L’Italia sta marcendo in un benessere che è egoismo, stupidità, incultura, pettegolezzo, moralismo, coazione, conformismo: prestarsi in qualche modo a contribuire a questa marcescenza è, ora, il fascismo.
Sembra una descrizione dell’Italia di oggi, invece risale al 1962. Prima del ’68, prima dei figli dei fiori, prima degli hippies. Prima della guerra in Vietnam e di Tangentopoli, prima della legge sull’aborto e della fine della Prima Repubblica. Prima di tutti quegli eventi che hanno scolpito il volto all’Italia contemporanea, una isolata voce di denuncia, premonitrice, visionaria, lucidamente lungimirante, già si levava dal coro di vocine e vocioni più o meno borghesi, tutte pasciute alla generosa tavola del boom economico degli anni ’50.

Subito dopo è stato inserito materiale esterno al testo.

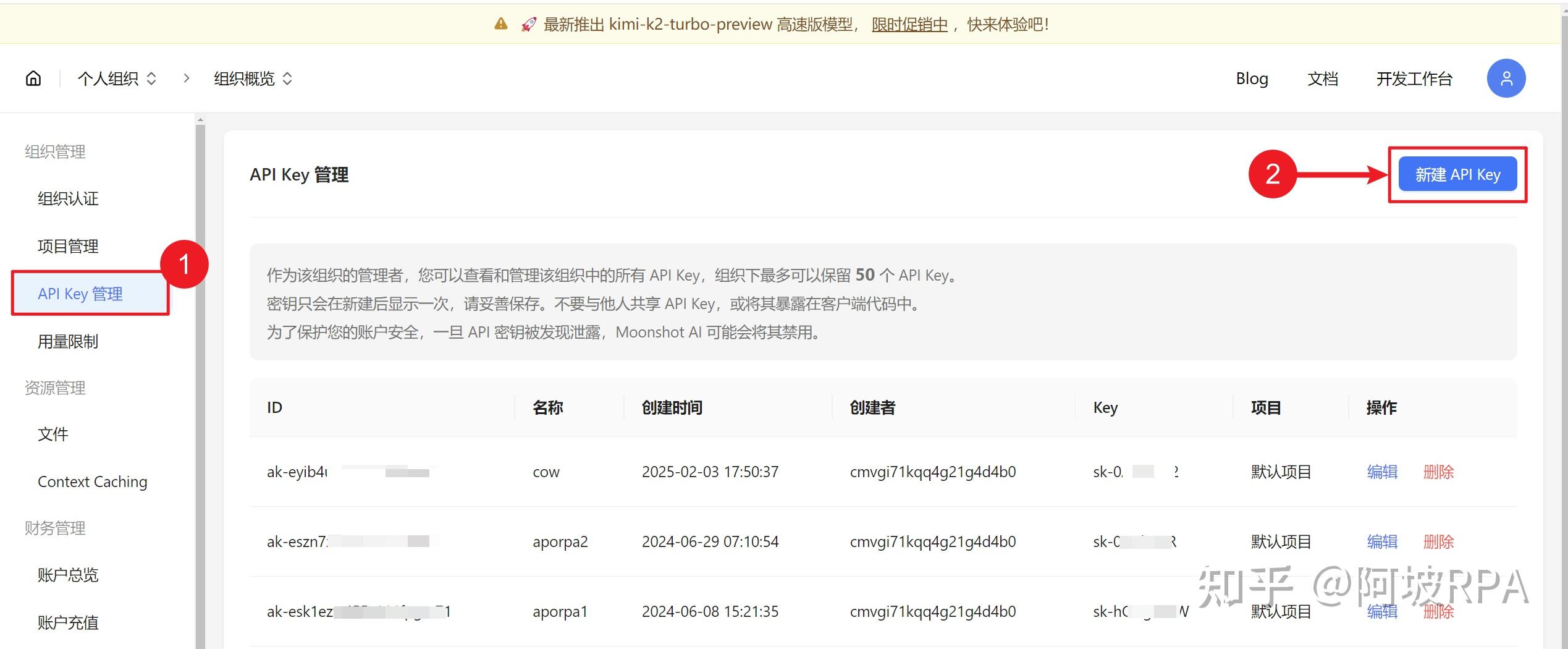 进入API KEY管理页面:https://platform.moonshot.cn/console/api-keys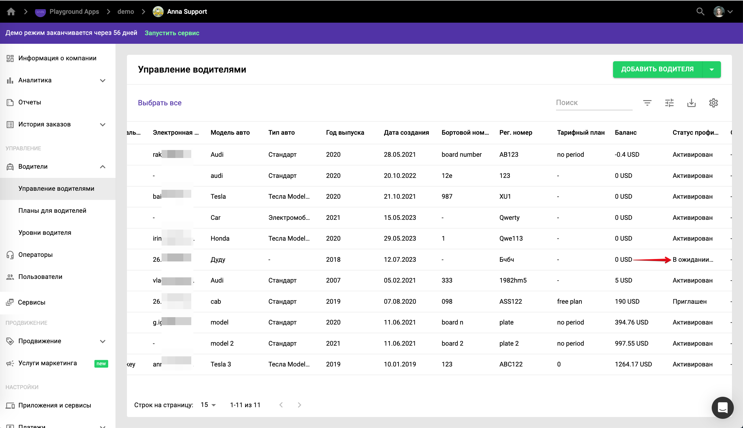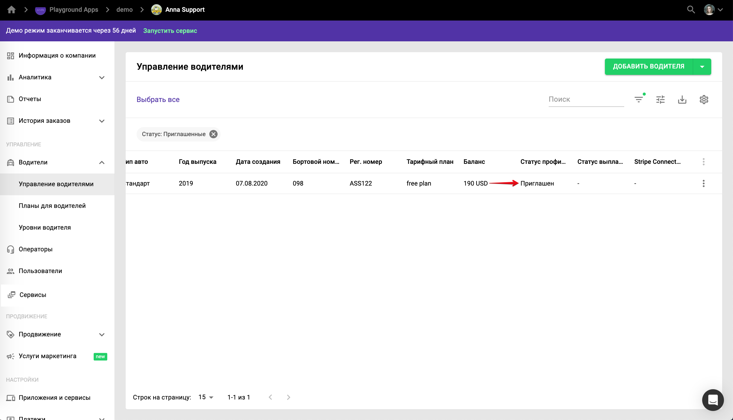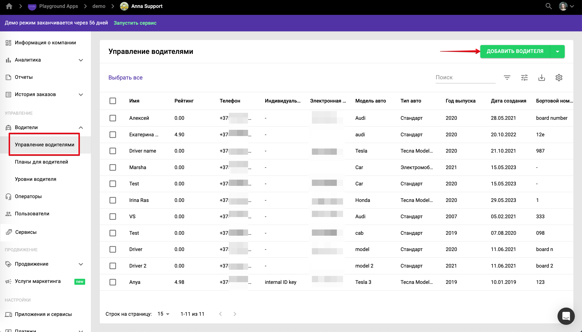 Владелец компании может добавлять или удалять водителей в разделе «Водители» >> «Управление водителями».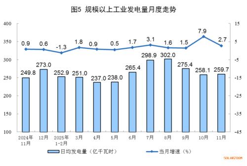 规上工业电力生产保持增长。11月份,规上工业发电量7792亿千瓦时,同比增长2.7%;日均发电量259.7亿千瓦时。1—11月份,规上工业发电量88567亿千瓦时,同比增长2.4%。

Chissà cosa scriverebbe oggi Pier Paolo Pasolini sulla situazione politica e economica attuale. Se, invece di morire, pestato a sangue (non si sa ancora bene – e forse mai si saprà – da chi o per conto di chi) nella notte tra l’1 e il 2 Novembre all’Idroscalo di Ostia, fosse oggi ancora vivo, il genio profetico che 50 anni dopo diventa testimone impotente della sua premonizione.
Pier Paolo Pasolini nasce a Bologna il 5 marzo del 1922. La famiglia si sposta di frequente da una città all’altra per il lavoro del padre, tenente di fanteria, per cui l’unico punto di riferimento certo per il giovane Pasolini sarà Casarsa, una località del Friuli in cui la famiglia tornerà anno dopo anno per trascorrere le vacanze estive, allo stesso tempo prima fonte di ispirazione, con la sua natura incontaminata, la bellezza dei paesaggi e la semplicità della vita montana, per i primi versi del Pasolini poeta. Poeta, ma non solo. Intellettuale, critico letterario, saggista, regista, sportivo. Non c’era niente o quasi che Pier Paolo non sapesse fare. A soli 17 anni si iscrisse all’università, saltando un anno di liceo, indirizzo lettere e filosofia.
A segnare la sua giovinezza fu la morte del fratello Guido (1945), massacrato durante la seconda guerra mondiale. L’evento distrugge completamente la psicologia peraltro già fragile della madre di Pasolini, il quale di conseguenza si avvicina ancor più all’unica figura femminile rilevante nella sua vita, tagliando definitivamente i contatti già controversi col padre. Un rapporto simbiotico, quasi fusionale, quello di Pasolini con la madre, che ebbe probabilmente un ruolo nella sua dichiarata scelta omosessuale. Una perversione inaccettabile per l’epoca, che finirà per screditarne anche la reputazione letteraria, e gli costerà, oltre all’allontanamento dalla professione di insegnante, una serie di processi, negli anni, per corruzione di minorenni, accanto al ben più dannoso processo “mediatico” che lo esporrà alla gogna.
Intanto, la sua adesione non incondizionata alle posizioni del Pci, di cui pure era membro, gli valse l’esilio dal partito, anche in seguito ai fatti giudiziari di Ramuscello. Nel 1950 Pasolini abbandona il Friuli che tanto gli aveva dato, per rifugiarsi nella borgata romana. Solo lì, tra la desolazione e la difficoltà della vita quotidiana, tra gente che non ha nulla da perdere né da chiedere, Pier Paolo ritrova se stesso. Arrangiandosi per tirare avanti, senza chiedere aiuto a nessuno dei suoi amici intellettuali, iniziò a lavorare a Cinecittà. Avvenne così il suo incontro con il cinema che sarà una rivelazione. La pellicola, associando le parole alle immagini gli permetterà di esprimere molto più fedelmente, attraverso la bellezza desolata e brulla di volti e paesaggi, quel contrasto interiore che lo tormentava sin da ragazzo.
Una vita che anche nella sua fine rimane oscura e controversa. Le circostanze della sua morte non saranno mai chiarite, anche se la legge condannerà Pelosi come unico esecutore dell’omicidio, che verrà bollato come delitto passionale. Il corpo di Pasolini tornerà a riposare a Casarsa, nei luoghi dell’infanzia, unici in cui forse la sua anima tormentata trovò un po’ di pace.